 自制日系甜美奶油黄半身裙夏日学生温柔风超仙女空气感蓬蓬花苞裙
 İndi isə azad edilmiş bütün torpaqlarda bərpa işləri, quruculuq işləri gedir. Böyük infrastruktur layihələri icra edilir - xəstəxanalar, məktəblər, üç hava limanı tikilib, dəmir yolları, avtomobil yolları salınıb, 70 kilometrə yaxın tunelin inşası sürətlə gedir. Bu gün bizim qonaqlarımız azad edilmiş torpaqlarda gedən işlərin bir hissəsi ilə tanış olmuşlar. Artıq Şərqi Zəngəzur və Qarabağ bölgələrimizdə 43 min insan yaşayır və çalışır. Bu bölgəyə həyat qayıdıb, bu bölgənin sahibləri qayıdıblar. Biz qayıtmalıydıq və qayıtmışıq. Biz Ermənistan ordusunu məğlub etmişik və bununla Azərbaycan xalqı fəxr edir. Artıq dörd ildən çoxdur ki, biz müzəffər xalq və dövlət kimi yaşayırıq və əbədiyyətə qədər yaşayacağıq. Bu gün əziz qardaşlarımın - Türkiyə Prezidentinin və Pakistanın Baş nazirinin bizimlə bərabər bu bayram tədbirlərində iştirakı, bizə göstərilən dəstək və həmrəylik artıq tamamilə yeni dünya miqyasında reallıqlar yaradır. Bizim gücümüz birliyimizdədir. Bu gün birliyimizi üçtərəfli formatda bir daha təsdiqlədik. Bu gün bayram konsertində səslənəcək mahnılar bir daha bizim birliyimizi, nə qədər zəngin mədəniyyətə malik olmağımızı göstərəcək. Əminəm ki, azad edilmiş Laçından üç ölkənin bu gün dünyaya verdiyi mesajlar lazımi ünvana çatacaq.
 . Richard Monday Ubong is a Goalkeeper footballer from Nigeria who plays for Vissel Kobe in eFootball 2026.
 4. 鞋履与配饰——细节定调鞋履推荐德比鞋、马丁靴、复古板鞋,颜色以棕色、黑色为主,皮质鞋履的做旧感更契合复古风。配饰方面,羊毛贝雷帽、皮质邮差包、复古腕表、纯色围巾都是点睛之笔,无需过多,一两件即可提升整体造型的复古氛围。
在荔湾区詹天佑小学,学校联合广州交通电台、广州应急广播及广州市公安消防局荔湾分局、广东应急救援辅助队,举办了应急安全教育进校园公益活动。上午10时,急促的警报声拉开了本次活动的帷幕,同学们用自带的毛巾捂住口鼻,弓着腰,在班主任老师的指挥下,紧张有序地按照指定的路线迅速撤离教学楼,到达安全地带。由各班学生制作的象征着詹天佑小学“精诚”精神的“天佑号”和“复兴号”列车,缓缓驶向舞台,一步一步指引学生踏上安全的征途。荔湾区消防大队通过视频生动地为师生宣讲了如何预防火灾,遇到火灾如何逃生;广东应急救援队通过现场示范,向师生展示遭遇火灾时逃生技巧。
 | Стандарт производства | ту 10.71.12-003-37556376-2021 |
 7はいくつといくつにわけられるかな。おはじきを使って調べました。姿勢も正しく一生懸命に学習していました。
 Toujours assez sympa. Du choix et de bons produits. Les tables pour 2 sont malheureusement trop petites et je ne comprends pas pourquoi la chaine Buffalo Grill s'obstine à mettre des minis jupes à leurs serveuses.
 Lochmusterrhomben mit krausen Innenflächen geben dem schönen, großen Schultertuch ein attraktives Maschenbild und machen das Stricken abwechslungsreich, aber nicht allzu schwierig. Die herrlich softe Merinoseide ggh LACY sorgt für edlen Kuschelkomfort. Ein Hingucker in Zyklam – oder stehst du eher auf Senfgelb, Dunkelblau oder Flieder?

§ Exercise goal:
Write out the records again, exactly as given.

§ Reply to the exercise:
 自制日系甜美奶油黄半身裙夏日学生温柔风超仙女空气感蓬蓬花苞裙
 İndi isə azad edilmiş bütün torpaqlarda bərpa işləri, quruculuq işləri gedir. Böyük infrastruktur layihələri icra edilir - xəstəxanalar, məktəblər, üç hava limanı tikilib, dəmir yolları, avtomobil yolları salınıb, 70 kilometrə yaxın tunelin inşası sürətlə gedir. Bu gün bizim qonaqlarımız azad edilmiş torpaqlarda gedən işlərin bir hissəsi ilə tanış olmuşlar. Artıq Şərqi Zəngəzur və Qarabağ bölgələrimizdə 43 min insan yaşayır və çalışır. Bu bölgəyə həyat qayıdıb, bu bölgənin sahibləri qayıdıblar. Biz qayıtmalıydıq və qayıtmışıq. Biz Ermənistan ordusunu məğlub etmişik və bununla Azərbaycan xalqı fəxr edir. Artıq dörd ildən çoxdur ki, biz müzəffər xalq və dövlət kimi yaşayırıq və əbədiyyətə qədər yaşayacağıq. Bu gün əziz qardaşlarımın - Türkiyə Prezidentinin və Pakistanın Baş nazirinin bizimlə bərabər bu bayram tədbirlərində iştirakı, bizə göstərilən dəstək və həmrəylik artıq tamamilə yeni dünya miqyasında reallıqlar yaradır. Bizim gücümüz birliyimizdədir. Bu gün birliyimizi üçtərəfli formatda bir daha təsdiqlədik. Bu gün bayram konsertində səslənəcək mahnılar bir daha bizim birliyimizi, nə qədər zəngin mədəniyyətə malik olmağımızı göstərəcək. Əminəm ki, azad edilmiş Laçından üç ölkənin bu gün dünyaya verdiyi mesajlar lazımi ünvana çatacaq.
 . Richard Monday Ubong is a Goalkeeper footballer from Nigeria who plays for Vissel Kobe in eFootball 2026.
 4. 鞋履与配饰——细节定调鞋履推荐德比鞋、马丁靴、复古板鞋,颜色以棕色、黑色为主,皮质鞋履的做旧感更契合复古风。配饰方面,羊毛贝雷帽、皮质邮差包、复古腕表、纯色围巾都是点睛之笔,无需过多,一两件即可提升整体造型的复古氛围。
在荔湾区詹天佑小学,学校联合广州交通电台、广州应急广播及广州市公安消防局荔湾分局、广东应急救援辅助队,举办了应急安全教育进校园公益活动。上午10时,急促的警报声拉开了本次活动的帷幕,同学们用自带的毛巾捂住口鼻,弓着腰,在班主任老师的指挥下,紧张有序地按照指定的路线迅速撤离教学楼,到达安全地带。由各班学生制作的象征着詹天佑小学“精诚”精神的“天佑号”和“复兴号”列车,缓缓驶向舞台,一步一步指引学生踏上安全的征途。荔湾区消防大队通过视频生动地为师生宣讲了如何预防火灾,遇到火灾如何逃生;广东应急救援队通过现场示范,向师生展示遭遇火灾时逃生技巧。
 | Стандарт производства | ту 10.71.12-003-37556376-2021 |
 7はいくつといくつにわけられるかな。おはじきを使って調べました。姿勢も正しく一生懸命に学習していました。
 Toujours assez sympa. Du choix et de bons produits. Les tables pour 2 sont malheureusement trop petites et je ne comprends pas pourquoi la chaine Buffalo Grill s'obstine à mettre des minis jupes à leurs serveuses.
 Lochmusterrhomben mit krausen Innenflächen geben dem schönen, großen Schultertuch ein attraktives Maschenbild und machen das Stricken abwechslungsreich, aber nicht allzu schwierig. Die herrlich softe Merinoseide ggh LACY sorgt für edlen Kuschelkomfort. Ein Hingucker in Zyklam – oder stehst du eher auf Senfgelb, Dunkelblau oder Flieder?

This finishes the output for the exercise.